Marius angelte mit dem rechten Bein nach einem Stuhl, zog ihn her und ließ sich fallen. Draußen war es warm, am Horizont sammelten sich ein paar Wolken, die Sonne schien Marius ins Gesicht. Er schloss die Augen und sah das Grauen vor sich. Der Bankrott in Australien drohte in die nächste Pleite in Deutschland zu münden, wenn Marius die Arbeit bei Herrn Weigelt verlor. Bereits in Sydney und Coldsville hatte er alles in den Sand gesetzt, was er jemals angepackt hatte. Vielleicht würde es ihm in Deutschland mit dem Anbau von Tomaten besser ergehen.

Die Hoffnung trog, entzog sich Marius jeder Illusion. Herr Weigelt war kein Mann, der Almosen gab. Marius versuchte, einen kühlen Kopf zu bewahren, obwohl ihm die Sonne auf den Schädel brannte. Der Enkel könnte der Schlüssel für die Lösung sein. Wenn er Boris bei Laune hielt, mochte sein Großvater über manchen Mangel seiner Arbeit hinwegsehen.

Und wenn nicht? Marius war es leid. Zu viele Sorgen hatten ihn in den letzten Jahren geplagt, nichts war ihm gelungen, das Pech schien ihm wie Teer an den Stiefeln zu kleben.

Marius ging in den Schatten der Wohnung zurück. An den Wänden hingen die Bilder und Zeichnungen seiner Mutter.
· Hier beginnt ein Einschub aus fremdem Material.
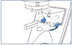 - Hoides kahte sinist indikaatorit joondatud, vajutage õrnalt jahvatuse reguleerimisseadet ülespoole ja pöörake musta koonilise tera hoidikut (joonis G), kuni sakid ja sisselõiked joondavad ning koonilise tera hoidik libiseb masinasse üles.

Sie hatte ein Talent bewiesen, das auch außerhalb der Familie für Aufsehen gesorgt hatte. Vom Vater gab es nichts zu sehen, außer einigen Fotografien. Eine Aufnahme zeigte seine Eltern beim letzten gemeinsamen Urlaub in Italien. Das Bild hatte einen festen Platz über dem Sofa gefunden. Sein Vater hatte das Mittelmeer geliebt, weil dort die Tomaten von selbst wuchsen, die Mutter wegen des Lichts und der azurblauen See. Auch in Mannheim hatte sie viele Bilder gemalt. Seiner Mutter war es nicht schwer gefallen, geeignete Motive in der Stadt zu finden. Sie hatte den Auenwald am Ufer des Rheins und die Schiffe, die auf dem Fluss verkehrten, auf die Leinwand gebracht. Die vielen Störche mit ihren Jungen auf den Nestern im Luisenpark hatte sie ebenso gemalt, wie die prächtige Jesuitenkirche nahe des Schlosses. Verlor Marius die Wohnung, verloren die Bilder seiner Mutter ihren Platz.

 

Marius wollte seine Sorgen mit einem zweiten Bier betäuben, verwarf den Gedanken, hastete unruhig von Zimmer zu Zimmer, fand keine Ruhe und ging wieder auf den Balkon. Die Sonne war verschwunden, graue Wolken hatten sich in Windeseile ausgebreitet und den Himmel verdüstert. Ein böiger Wind kam auf und blies Marius ins Gesicht. Er begann zu frösteln und floh vom Balkon, um ins Warme zu kommen.